- [Your objective]:
Retype every entry below without pictures.

- [Records to use]:
^^^^^^^^^^^^^^^^
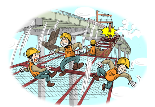 이동형 작업대차를 이용하여 교량 슬라브 거푸집 해체작업을 하던중 작업대차의 상 · 하부 연결지주의 볼트가 뽑히면서 하부작업대가 도괴되어 떨어졌고, 작업자 4명이 작업대와 함께 떨어져 2명 사망, 2명 부상당한 재해임
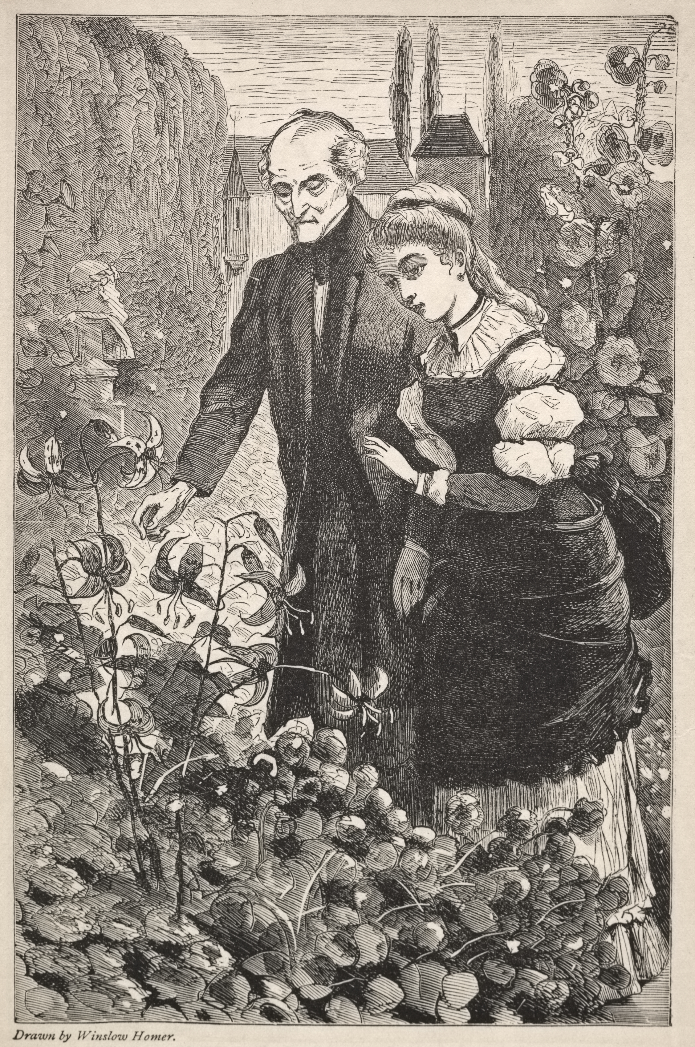 Black-and-white drawing of a man and woman standing together in a garden, surrounded by flowers and plants. The man on the left has a balding head with thinning hair combed back, wearing a dark suit jacket and vest over a white shirt with a bowtie, and dark pants. The woman on the right has long hair pulled back and wears a dark dress with puffy sleeves and a white collar. The garden has a variety of plants and flowers, and a building with a tower and roof is visible in the background. The artist's name is written in small text at the bottom left. The title of the piece is at the top.
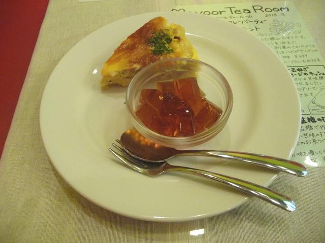 出てきたら、 キッシュに、茶色いゼリーが添えられています。
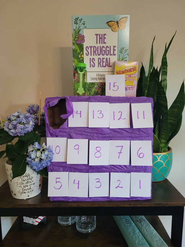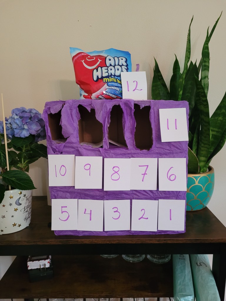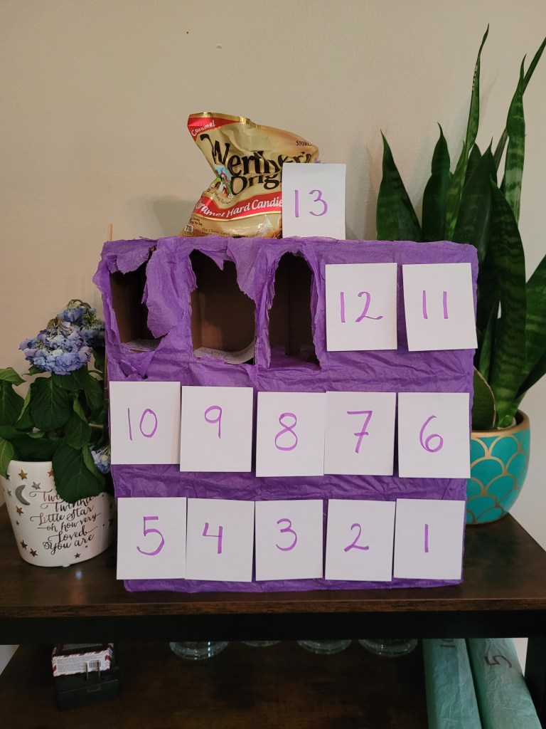 My fantastic and creative wife built this sugar-filled advent calendar with little goodies for each work day counting down to my paternity leave. The last day also happens to be our due date, so it is truly a countdown for both of us.
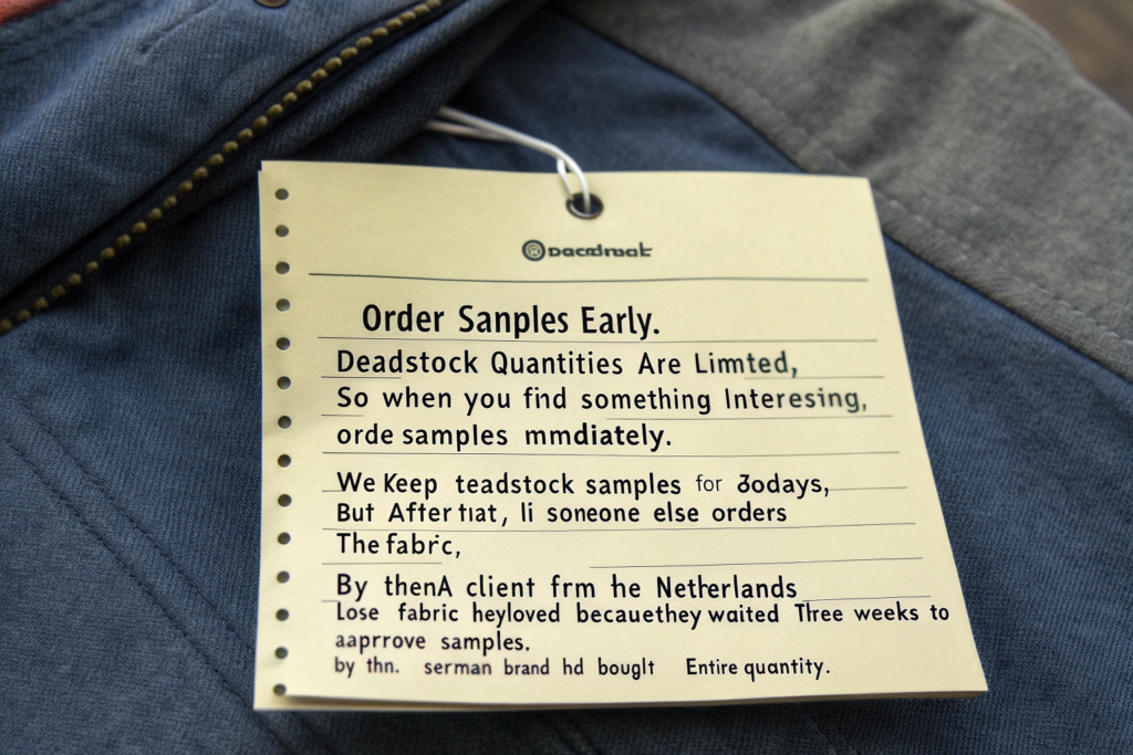 Order samples early. Deadstock quantities are limited, so when you find something interesting, order samples immediately. We keep deadstock samples for 30 days, but after that, if someone else orders the fabric, it's gone. We had a client from the Netherlands lose a fabric they loved because they waited three weeks to approve samples. By then, a German brand had bought the entire quantity.
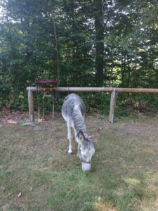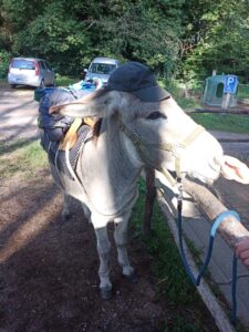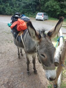 Ziemlich pünktlich war ich dann bei den Eseln…es gab für jeden etwas Karotte und für meinen Wegbegleiter hatte ich für später noch einen Apfel dabei….Joël sagte mir, dass er mir heute lieber einen anderen Esel mitgeben möchte, da er nicht sicher ist, ob Gavroche fit ist….er hätte sich heute Morgen etwas anders verhalten…..
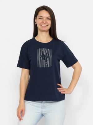 Футболка женская из кулирной глади. Воротник из эластичной рибаны. На полочке декоративный принт.Дополнительно
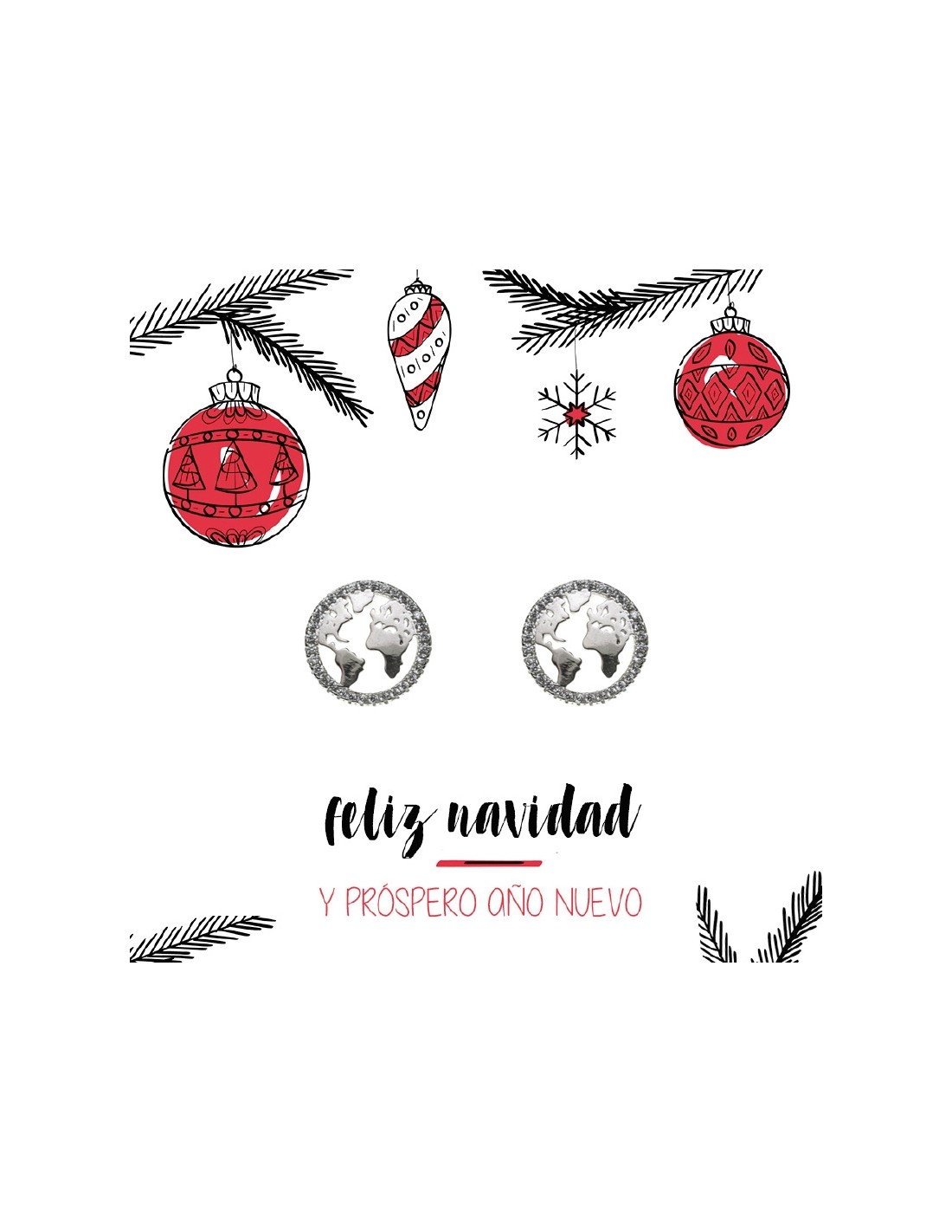 Pendientes Mundo de Plata de Ley 925 con circonitas y tarjeta navideña para regalar.
^^^^^^^^^^^^^^^^
- [Exercise answer]:
 이동형 작업대차를 이용하여 교량 슬라브 거푸집 해체작업을 하던중 작업대차의 상 · 하부 연결지주의 볼트가 뽑히면서 하부작업대가 도괴되어 떨어졌고, 작업자 4명이 작업대와 함께 떨어져 2명 사망, 2명 부상당한 재해임
 Black-and-white drawing of a man and woman standing together in a garden, surrounded by flowers and plants. The man on the left has a balding head with thinning hair combed back, wearing a dark suit jacket and vest over a white shirt with a bowtie, and dark pants. The woman on the right has long hair pulled back and wears a dark dress with puffy sleeves and a white collar. The garden has a variety of plants and flowers, and a building with a tower and roof is visible in the background. The artist's name is written in small text at the bottom left. The title of the piece is at the top.
 出てきたら、 キッシュに、茶色いゼリーが添えられています。
 My fantastic and creative wife built this sugar-filled advent calendar with little goodies for each work day counting down to my paternity leave. The last day also happens to be our due date, so it is truly a countdown for both of us.
 Order samples early. Deadstock quantities are limited, so when you find something interesting, order samples immediately. We keep deadstock samples for 30 days, but after that, if someone else orders the fabric, it's gone. We had a client from the Netherlands lose a fabric they loved because they waited three weeks to approve samples. By then, a German brand had bought the entire quantity.
 Ziemlich pünktlich war ich dann bei den Eseln…es gab für jeden etwas Karotte und für meinen Wegbegleiter hatte ich für später noch einen Apfel dabei….Joël sagte mir, dass er mir heute lieber einen anderen Esel mitgeben möchte, da er nicht sicher ist, ob Gavroche fit ist….er hätte sich heute Morgen etwas anders verhalten…..
 Футболка женская из кулирной глади. Воротник из эластичной рибаны. На полочке декоративный принт.Дополнительно
 Pendientes Mundo de Plata de Ley 925 con circonitas y tarjeta navideña para regalar.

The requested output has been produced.